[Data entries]

────────────────────────────────────────

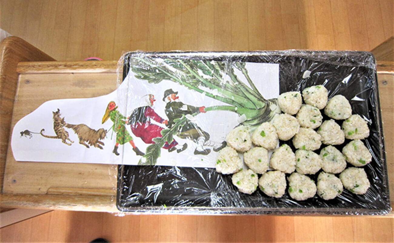 保育で行った遊びの延長で出てくる献立は、どれも子どもたちに大好評です。子どもたちのやりたい気持ちを育みながら、疑問や発想をヒントに、それらを形にすることで食育に繋げていきます。
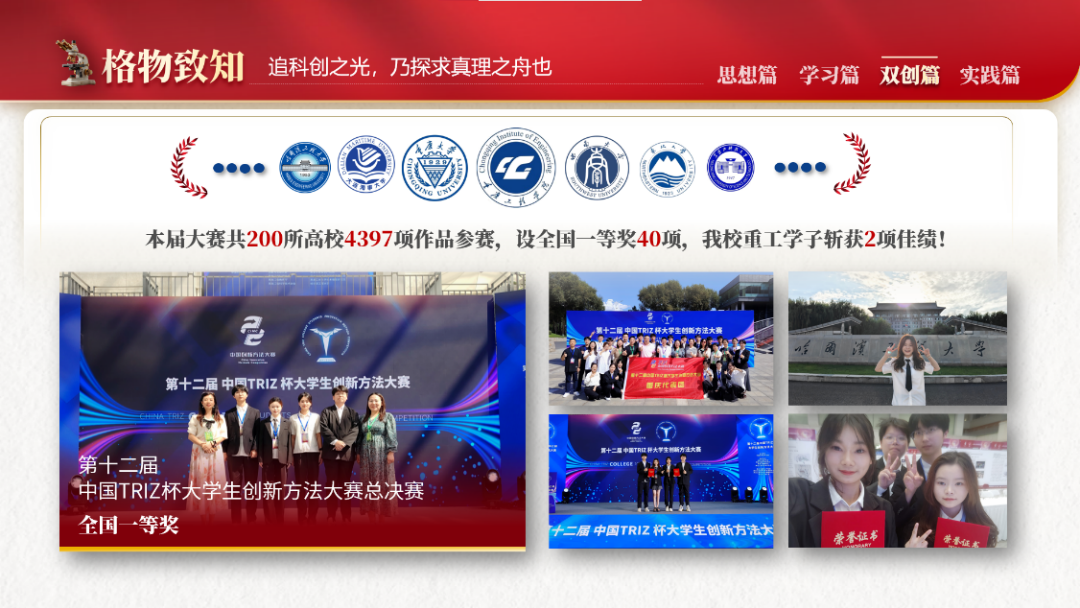 同年9月,参加重庆市创新方法大赛,从一无所有,逐渐做出实物、专利、论文等成果,最终有幸在全国决赛中参与学习。参加多项竞赛得益于学校大力创设工作室平台;鼓励重工学子勇于创新、勇攀高峰。今年暑假,学校负责人带领她们勇赴哈尔滨,在哈工程大学顺利完成比赛,获得全国一等奖,实现了我校在此赛项上的历史突破。该项比赛利用科学的方法论解决实际问题,展现创新思维,吸引了来自全国200所高校共4397项作品参赛。我校重工学子在全国性的竞技舞台上依然毫不畏惧,敢于亮剑,斩获佳绩。在参与比赛的同时,她还勤于总结所遇到的创新点,累计发表学术论文3篇、实用新型专利1项、申报市级创新创业项目1项。
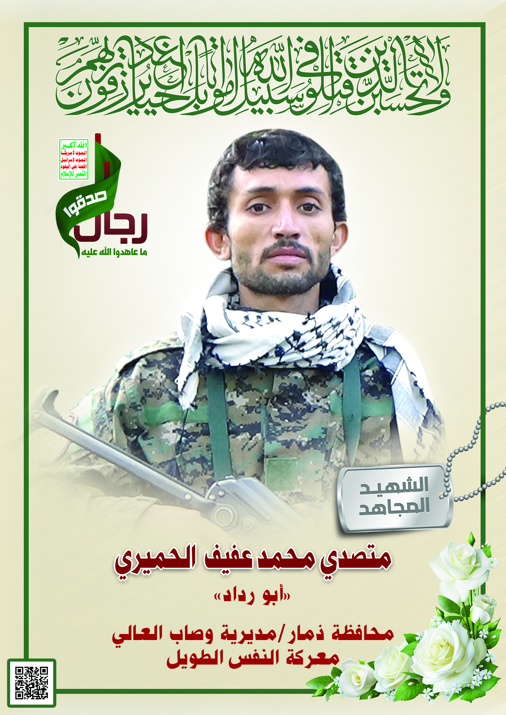 Actor متصدي محمد عفيف راشد قائد الحميري Filmography الشهيد المجاهد: متصدي محمد عفيف راشد قائد الحميري – أبو رداد المحافظة: ذمار المديرية: وصاب العالي – حمير معركة النفس الطويل رقم الحافظة: 136082
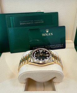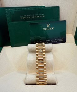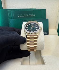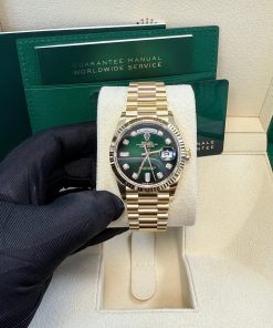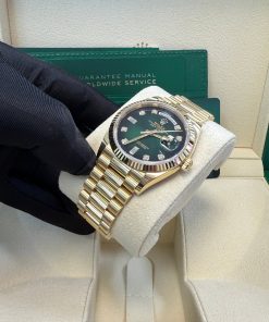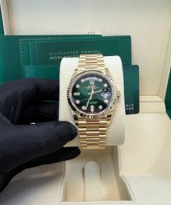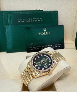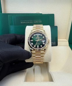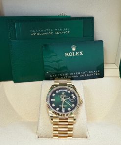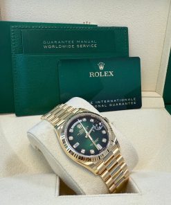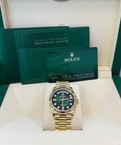 36mm 18K yellow gold case, screw-down back, screw-down crown with twinlock double waterproofness system, fluted bezel, scratch-resistant sapphire crystal with cyclops lens over the date, green ombre´ dial, diamond hour markers, Rolex calibre 3255 perpetual self-winding movement with centre hour, minute and seconds hands, instantaneous day and date in apertures, unrestricted rapid-setting, and stop-seconds for precise time setting, approximately 70 hours of power reserve, 18K yellow gold President bracelet with semi-circular three-piece links, concealed folding Crownclasp buckle. Waterproof to 100 meters.
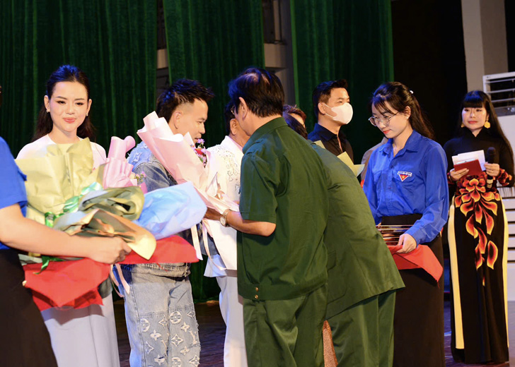 Tặng hoa cảm ơn đoàn nghệ thuật
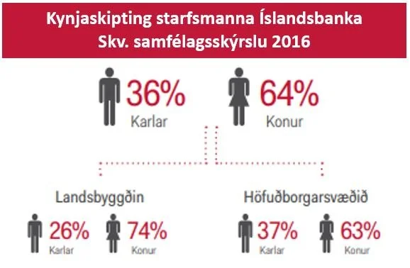 Það sem þó vekur sérstaka athyli mína við þetta er sú staðreynd að samkvæmt Samfélagsskýrslu Íslandsbanka frá árinu 2016 voru konur 64% af starfsmönnum Íslandsbanka. Á landsbyggðinni voru konur 74% af starfmönnum bankans. Nýrri samfélagsskýrslu fann ég ekki á netinu en hlýt að trúa því að bankinn minn hafi sjálfur tryggt jafnt kynjahlufall áður en hann ræðst gegn ójöfnu kynjahlutfalli fjölmiðla.
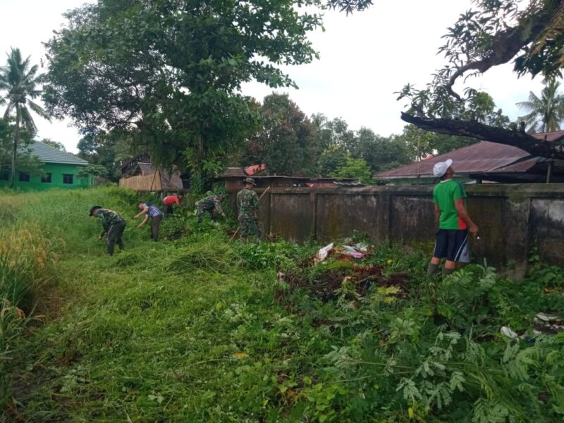 Antisipasi Banjir, Koramil 1426-06/Mapsu Bersama Warga Gelar Kerja Bakti Bersihkan Selokan
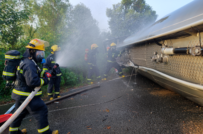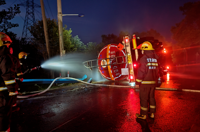 8月12日凌晨,在武漢市新洲區(qū)G318國道鳳凰鎮(zhèn)陳添奇村段,一輛實載約33噸甲醇的重型半掛牽引車發(fā)生側(cè)翻。武漢消防緊急調(diào)派消防員趕赴現(xiàn)場處置。 當(dāng)天,武漢市消防救援指揮中心接到報警后,迅速調(diào)派永安大道站出動4輛消防車、20名消防員趕赴現(xiàn)場。消防員到達(dá)現(xiàn)場后,發(fā)現(xiàn)一輛十多米長的槽罐車整體側(cè)翻在道路一旁,罐體一側(cè)不斷有液體滲出,空氣中彌漫著刺鼻氣味。消防員立刻對周邊實施警戒,并設(shè)置水槍陣地對罐體泄露部位出水進(jìn)行稀釋。 隨后,公安、環(huán)保、街道等相關(guān)部門及應(yīng)急危化品專家相繼趕到現(xiàn)場。在應(yīng)急;穼<业慕ㄗh下,先后調(diào)動2輛大功率吊車,并聯(lián)合交管部門對該路段進(jìn)行雙向臨時交通管制,F(xiàn)場救援人員在專家指導(dǎo)下,實施“冷卻、扶正、倒罐、轉(zhuǎn)運(yùn)”的處置方案。在倒罐過程中,消防員用水槍不間斷進(jìn)行稀釋保護(hù)。 最終,經(jīng)過6個多小時連續(xù)奮戰(zhàn),33噸甲醇順利完成倒罐,并成功轉(zhuǎn)移至安全地帶。消防員在仔細(xì)檢查確認(rèn)現(xiàn)場無危險后撤離。目前,事故原因還在進(jìn)一步調(diào)查中。
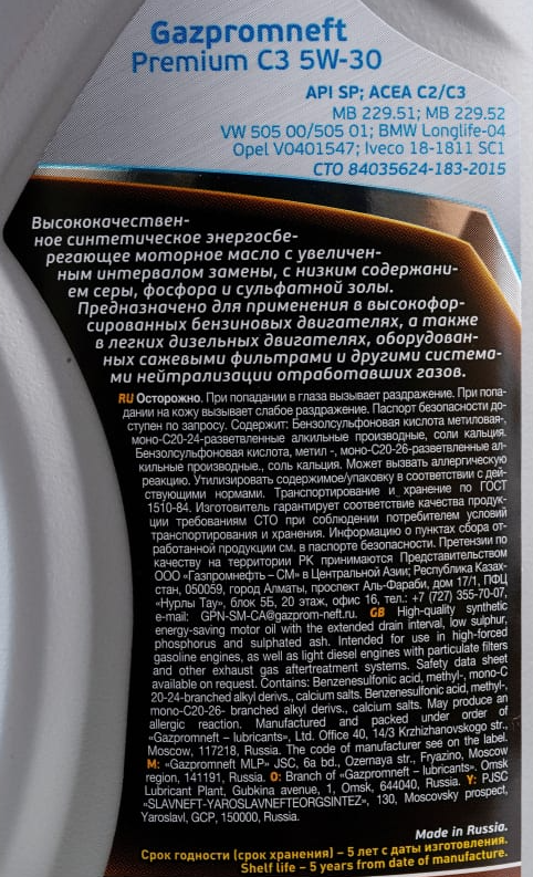 | Допуски OEM | BMW Longlife-04 / MB 229.51 / MB 229.52 / Opel OV0401547 / VW 505.00 / VW 505.01 |

────────────────────────────────────────

Transcribe, word for word, the stretch of lines in the data above from the one with "Það sem þó vekur" through the one with "Antisipasi Banjir, Koramil"; omit all pictures.

 Það sem þó vekur sérstaka athyli mína við þetta er sú staðreynd að samkvæmt Samfélagsskýrslu Íslandsbanka frá árinu 2016 voru konur 64% af starfsmönnum Íslandsbanka. Á landsbyggðinni voru konur 74% af starfmönnum bankans. Nýrri samfélagsskýrslu fann ég ekki á netinu en hlýt að trúa því að bankinn minn hafi sjálfur tryggt jafnt kynjahlufall áður en hann ræðst gegn ójöfnu kynjahlutfalli fjölmiðla.
 Antisipasi Banjir, Koramil 1426-06/Mapsu Bersama Warga Gelar Kerja Bakti Bersihkan Selokan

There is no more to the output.